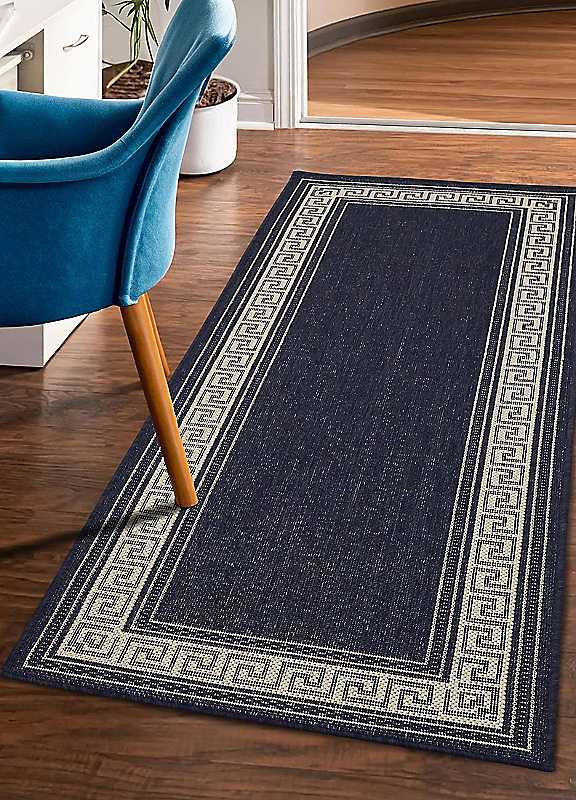 The Homemaker Rugs Collection Gel Backed Greek Key Runner - Navy - Size 60 x 230 cm
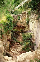 Troisième moulin des gorges sur le territoire de Murs, il repose sur le même principe constructif que les deux premiers (une chambre des eaux sur laquelle est disposée la salle des meules puis l’habitation). La date de 1753 gravée sur une pierre correspond plutôt à un remaniement qu’à la construction initiale. On distingue ici facilement le canon en pierre de taille qui permettait de créer une chute d’eau donc une force motrice entre la resclause en amont et la salle des eaux en contrebas.
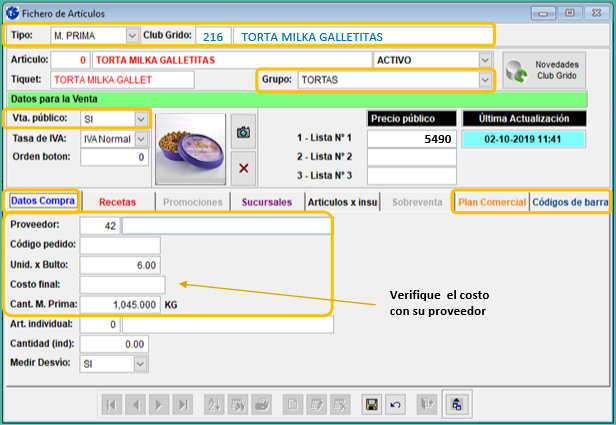 La información debe verse del siguiente modo en su Fichero de Artículos:
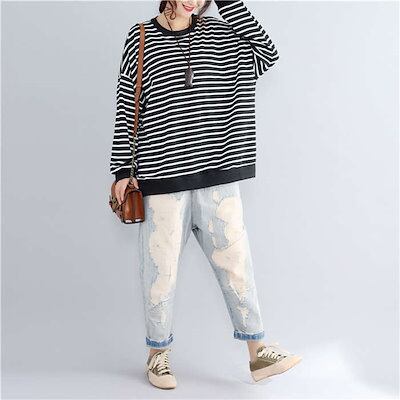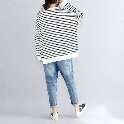 ボーダービッグプルオーバー スウェット プルオーバー レディース トップス カットソー 春 スウェット トレーナー ボーダー 丸首 長袖 パーカー 大きいサイズ ゆったり 綿混 コットン混 春秋 プル
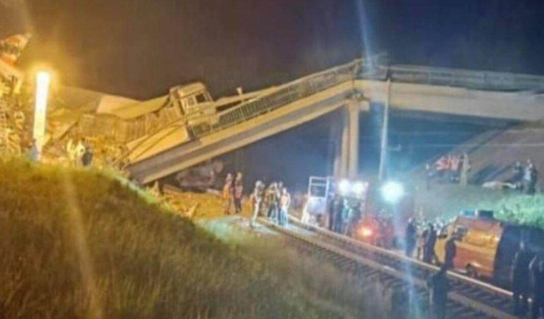 A bridge collapsed onto a moving passenger train traveling from Klimovo to Moscow near the village of Vygonichi in Russia’s Bryansk region. At the time of the incident, several heavy trucks were crossing the bridge; they plunged onto the train below, causing extensive damage.… pic.twitter.com/0bSVIbtDRn
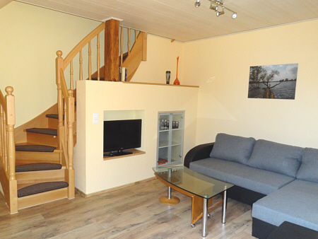 - Wohnzimmer mit Schlafsofa (zur Aufbettung nutzbar)
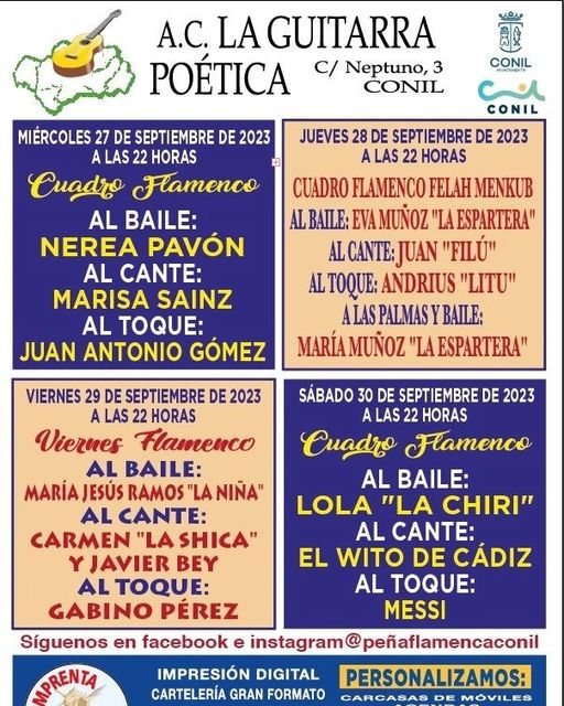 VIERNES FLAMENCO. Al baile María Jesús Ramos ‘La Niña’, al cante Carmen ‘La Shica’ y Javier Bey y al toque Gabino Pérez. INFORMACIÓNPuro flamenco. FechaVie, 29 Sep¡Caducado! Hora 22:00 LocalizaciónPeña FlamencaC/ Neptuno, 3 Organizador A.C. La guitarra poética Web https://www.facebook.com/guitarrapoetica.conil
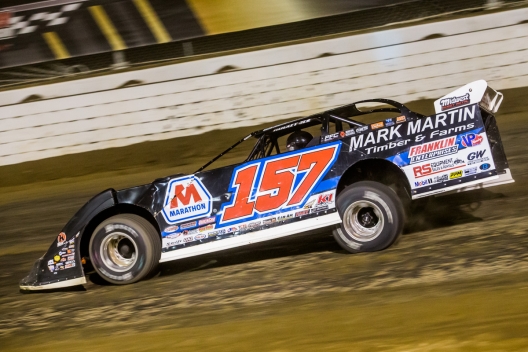 Marlar shot to the lead at the drop of the green flag, with the frontrunners racing single-file through the early distance. As the race leaders approached the tail of the field one lap shy of the halfway mark, second-starting Michael Norris of Sarver, Pa., was able to close in on Marlar. But the reigning World of Outlaws Morton Buildings Late Model Series champion successfully navigated lapped traffic, to again hold a comfortable lead.
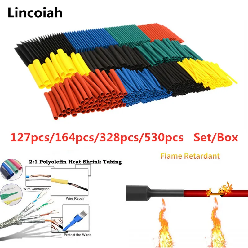 127 шт/164 шт/328 шт/530 шт Набор/коробка Полиолефиновая усадка Ассорти термоусадочная трубка провод кабель изолированный комплект трубок
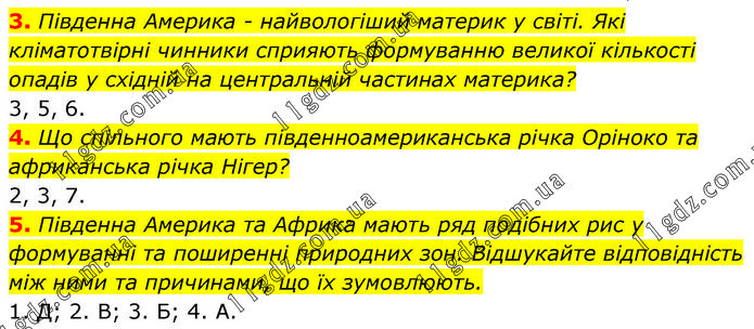 3. Південна Америка - найвологіший материк у світі. Які кліматотвірні чинники сприяють формуванню великої кількості опадів у східній на центральній частинах материка? 3, 5, 6. 4. Що спільного мають південноамериканська річка Оріноко та африканська річка Нігер? 2, 3, 7. 5. Південна Америка та Африка мають ряд подібних рис у формуванні та поширенні природних зон. Відшукайте відповідність між ними та причинами, що їх зумовлюють. 1. Д; 2. В; 3. Б; 4. А.

TO DO>
Each entry above should be copied word for word, with the images omitted.

TASK RESULT>
 The Homemaker Rugs Collection Gel Backed Greek Key Runner - Navy - Size 60 x 230 cm
 Troisième moulin des gorges sur le territoire de Murs, il repose sur le même principe constructif que les deux premiers (une chambre des eaux sur laquelle est disposée la salle des meules puis l’habitation). La date de 1753 gravée sur une pierre correspond plutôt à un remaniement qu’à la construction initiale. On distingue ici facilement le canon en pierre de taille qui permettait de créer une chute d’eau donc une force motrice entre la resclause en amont et la salle des eaux en contrebas.
 La información debe verse del siguiente modo en su Fichero de Artículos:
 ボーダービッグプルオーバー スウェット プルオーバー レディース トップス カットソー 春 スウェット トレーナー ボーダー 丸首 長袖 パーカー 大きいサイズ ゆったり 綿混 コットン混 春秋 プル
 A bridge collapsed onto a moving passenger train traveling from Klimovo to Moscow near the village of Vygonichi in Russia’s Bryansk region. At the time of the incident, several heavy trucks were crossing the bridge; they plunged onto the train below, causing extensive damage.… pic.twitter.com/0bSVIbtDRn
 - Wohnzimmer mit Schlafsofa (zur Aufbettung nutzbar)
 VIERNES FLAMENCO. Al baile María Jesús Ramos ‘La Niña’, al cante Carmen ‘La Shica’ y Javier Bey y al toque Gabino Pérez. INFORMACIÓNPuro flamenco. FechaVie, 29 Sep¡Caducado! Hora 22:00 LocalizaciónPeña FlamencaC/ Neptuno, 3 Organizador A.C. La guitarra poética Web https://www.facebook.com/guitarrapoetica.conil
 Marlar shot to the lead at the drop of the green flag, with the frontrunners racing single-file through the early distance. As the race leaders approached the tail of the field one lap shy of the halfway mark, second-starting Michael Norris of Sarver, Pa., was able to close in on Marlar. But the reigning World of Outlaws Morton Buildings Late Model Series champion successfully navigated lapped traffic, to again hold a comfortable lead.
 127 шт/164 шт/328 шт/530 шт Набор/коробка Полиолефиновая усадка Ассорти термоусадочная трубка провод кабель изолированный комплект трубок
 3. Південна Америка - найвологіший материк у світі. Які кліматотвірні чинники сприяють формуванню великої кількості опадів у східній на центральній частинах материка? 3, 5, 6. 4. Що спільного мають південноамериканська річка Оріноко та африканська річка Нігер? 2, 3, 7. 5. Південна Америка та Африка мають ряд подібних рис у формуванні та поширенні природних зон. Відшукайте відповідність між ними та причинами, що їх зумовлюють. 1. Д; 2. В; 3. Б; 4. А.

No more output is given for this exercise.